Data shown:

----

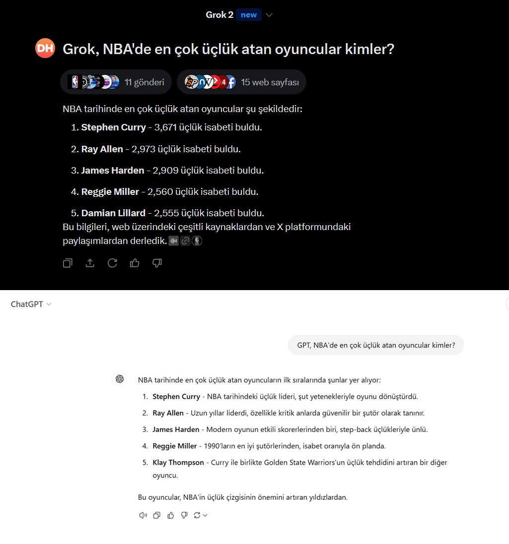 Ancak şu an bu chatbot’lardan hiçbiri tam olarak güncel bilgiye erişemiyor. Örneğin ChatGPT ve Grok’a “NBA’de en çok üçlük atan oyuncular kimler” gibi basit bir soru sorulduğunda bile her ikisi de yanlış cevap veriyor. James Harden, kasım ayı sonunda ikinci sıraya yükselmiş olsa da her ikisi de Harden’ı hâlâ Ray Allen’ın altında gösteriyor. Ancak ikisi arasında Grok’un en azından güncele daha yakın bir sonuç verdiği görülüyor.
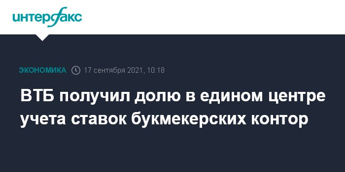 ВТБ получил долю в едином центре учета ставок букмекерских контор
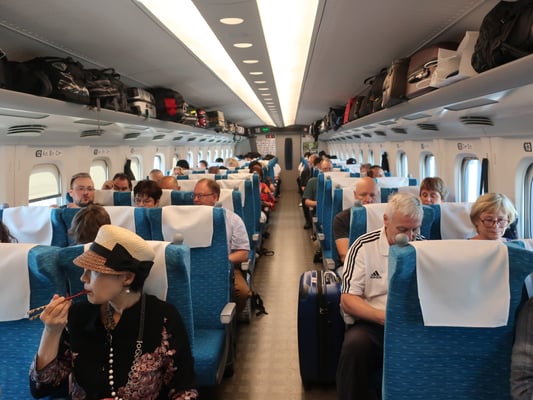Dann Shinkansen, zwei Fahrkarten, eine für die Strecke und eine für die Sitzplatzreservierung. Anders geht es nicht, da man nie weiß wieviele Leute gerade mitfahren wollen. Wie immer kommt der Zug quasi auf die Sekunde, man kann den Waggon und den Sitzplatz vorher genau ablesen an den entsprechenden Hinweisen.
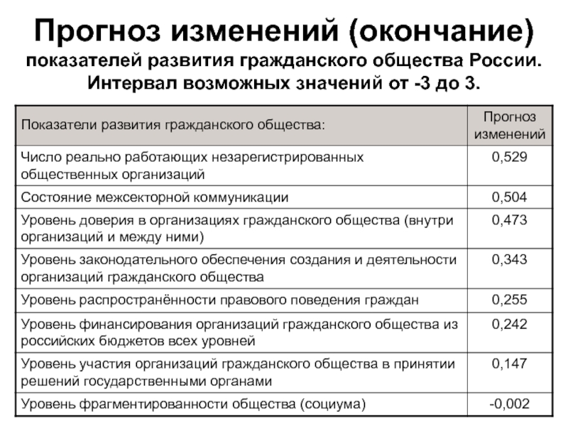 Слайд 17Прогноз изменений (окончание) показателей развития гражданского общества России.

----

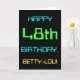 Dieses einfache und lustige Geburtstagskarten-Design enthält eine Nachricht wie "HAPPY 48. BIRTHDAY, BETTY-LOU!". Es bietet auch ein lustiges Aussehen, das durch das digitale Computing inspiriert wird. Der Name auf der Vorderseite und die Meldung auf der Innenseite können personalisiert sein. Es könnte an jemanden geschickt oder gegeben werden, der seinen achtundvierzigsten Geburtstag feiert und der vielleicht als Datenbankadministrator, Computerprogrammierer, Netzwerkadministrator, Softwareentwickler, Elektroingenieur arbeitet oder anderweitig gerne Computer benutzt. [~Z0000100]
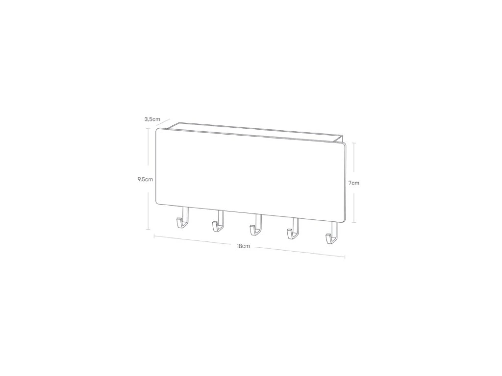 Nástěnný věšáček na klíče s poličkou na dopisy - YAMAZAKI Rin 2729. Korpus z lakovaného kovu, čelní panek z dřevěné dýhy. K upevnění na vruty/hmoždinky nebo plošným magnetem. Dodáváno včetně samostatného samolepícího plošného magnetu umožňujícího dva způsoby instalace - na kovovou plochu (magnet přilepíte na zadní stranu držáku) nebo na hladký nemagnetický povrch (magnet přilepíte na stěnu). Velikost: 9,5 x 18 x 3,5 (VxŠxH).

----

How to complete this task:
Return the stretch of data that begins with the line showing "Ancak şu an" and goes on through the line showing "ВТБ получил долю", exactly, with pictures removed.

Answer area:
 Ancak şu an bu chatbot’lardan hiçbiri tam olarak güncel bilgiye erişemiyor. Örneğin ChatGPT ve Grok’a “NBA’de en çok üçlük atan oyuncular kimler” gibi basit bir soru sorulduğunda bile her ikisi de yanlış cevap veriyor. James Harden, kasım ayı sonunda ikinci sıraya yükselmiş olsa da her ikisi de Harden’ı hâlâ Ray Allen’ın altında gösteriyor. Ancak ikisi arasında Grok’un en azından güncele daha yakın bir sonuç verdiği görülüyor.
 ВТБ получил долю в едином центре учета ставок букмекерских контор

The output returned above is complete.